In that prison camp, he learned from many of the men in there. It's where he grew his biggest wings to one day fly. And fly he did! He was released into the “outside world”, which has so many challenges. It was scary for him. Trying to find a job with his background was hard. A friend that had done time and survived in the outside world, suggested being a waiter because it helps build social skills. He went to several places but no luck. He then walked into La Fiesta and talked to a manager there. He was upfront like he had been with all the others, but this time he was given a chance and it was under that agreement. (Just another reason to love La Fiesta!) He knew this was a chance and he didn’t want to blow it. He worked hard and continued to thrive in the outside world. He found he loved working there.
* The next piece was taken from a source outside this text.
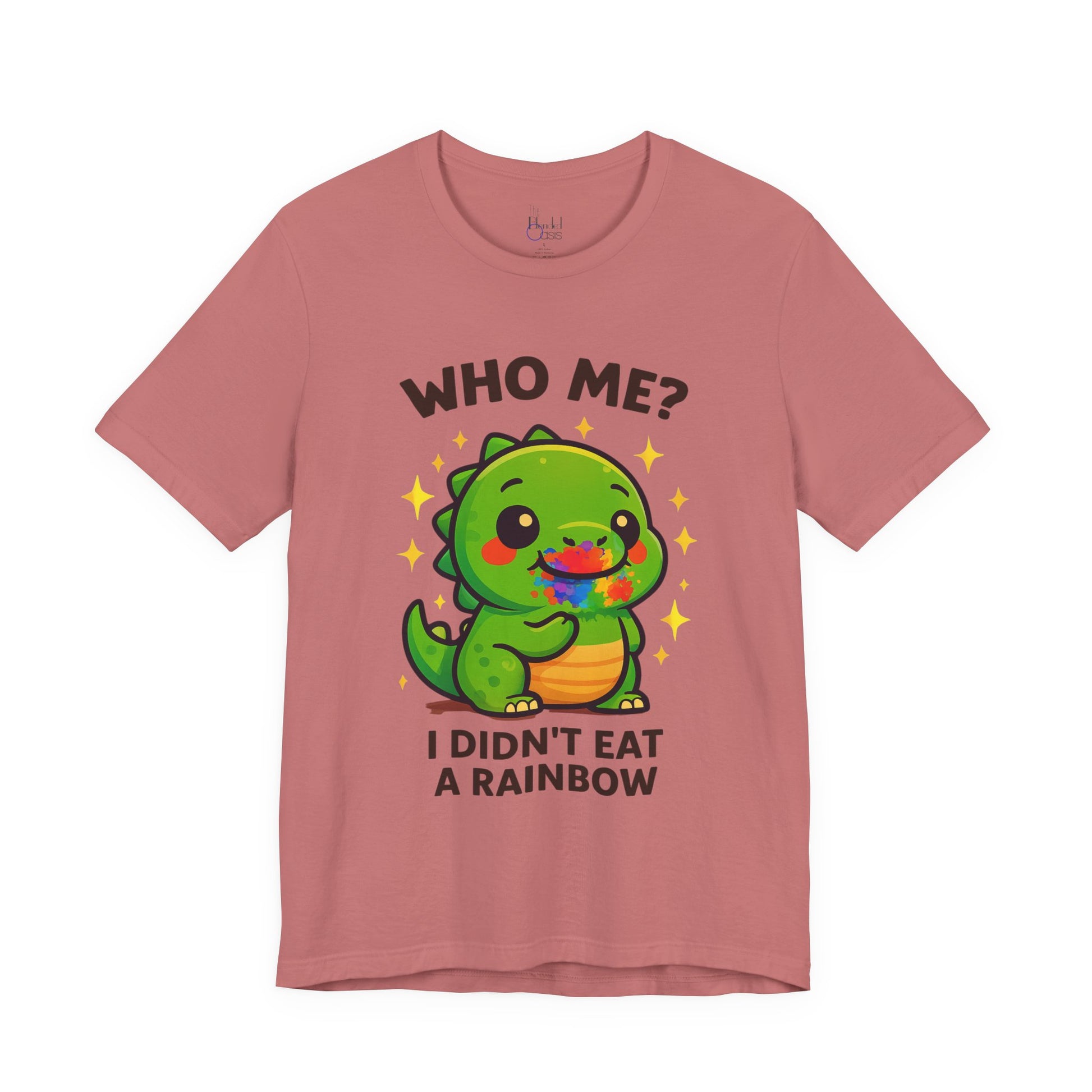 Cute Dinosaur Graphic Tee - "Who Me? I Didn't Eat a Rainbow"

He soon met a beautiful girl who also worked there and they fell in love. While at La Fiesta he met many people, and one of them was a banker who frequently dined there. He waited on him regularly and built a relationship. The banker told him, “Clay, you need to come work at the bank.” He knew his past but took the chance. Because of Clay’s record, it turned out he couldn't work there, but the banker did loan him money for a ring!  He married his true love. Life was going well, but eventually Clay wanted more than the restaurant life.
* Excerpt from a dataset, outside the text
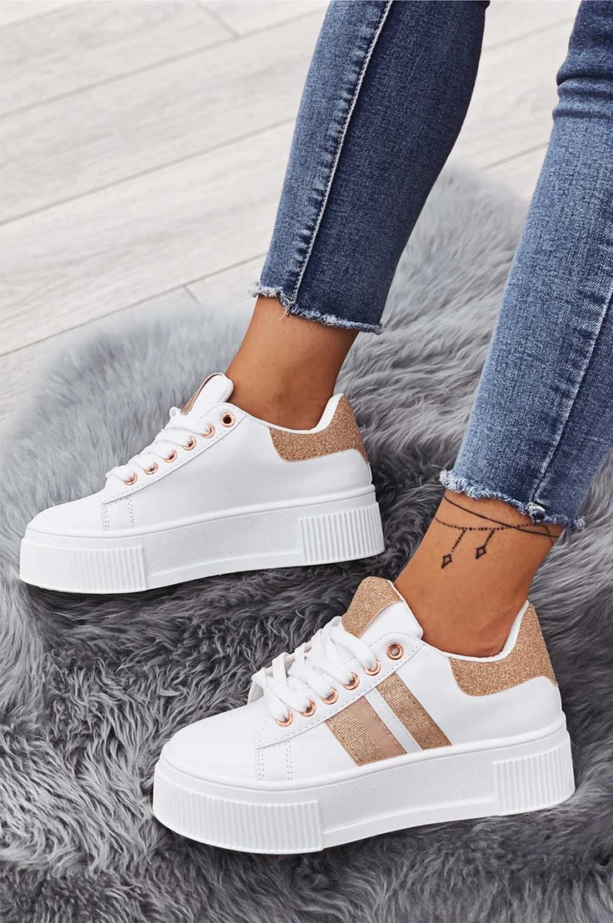 Sneakers Bianche Con Lacci E Inserti Glitter Oro Rosa

One day, he was talking with his cousin and he told him how he had opened up an iPhone repair shop and how the money was surprisingly good and suggested he open one up in Victoria. Victoria was the town his mother passed away in, and Clay was not quite sure he wanted to go back there. But something inside him was telling him that God wanted him to go. After much prayer, he and his wife packed up their bags and headed to Victoria. They opened a cellphone repair shop there. It grew quickly and soon they hired employees. They then opened another one in Rockport. It was in Rockport they decided to invest in real estate and bought their first home. They went on to purchase three rental homes. They loved real estate so much they decided to sell their shops and continue in real estate. Within the first year they closed 12 real estate deals, surpassing the goals they had set.

They soon ventured back to Waco, as it had always been home. Together they have passed many of their goals. During this journey, they learned that prayer changes things and that they will always continue to pray out loud together as a family. They determined that their life would not be built on material things but making memories every day through the simple things in life. They would cherish each day as if it were their last, with gratitude and love.

Along the way they had a beautiful daughter, which opened his eyes even more to his story in life. A past that he had been very quiet about, embarrassed about, he now felt led to share so others, especially young people, including his daughter one day, will know that there is hope. There is life even when you are at your lowest, there is forgiveness even when you feel you can't forgive or go on. Sometimes it's the hardest things we go through in life that turn out to be the best things for us. It is in the choices we make, and who we decide to be.

Clay made it clear that his success in overcoming a life of turmoil isn't about "having it all figured out." We will never have all of the answers. Clay wouldn't be where he is today without the continued support of God, his wife, grandparents and a handful of mentors who believed in him when he was uncertain whether he could believe in himself.

If you haven't read the story about the homeless man, "Birthday cake on the Corner and Tears on the Camera," I suggest you read it. It ties into this story so much. Such similar situations, yet they both chose different paths.

I know some of you have asked me to share the location I'm at each time I interview..This one was at Dichotomy, it was a good visit while sipping iced coffee. I am thankful to Clay for sharing his story, I hope it has inspired you as much as it has me.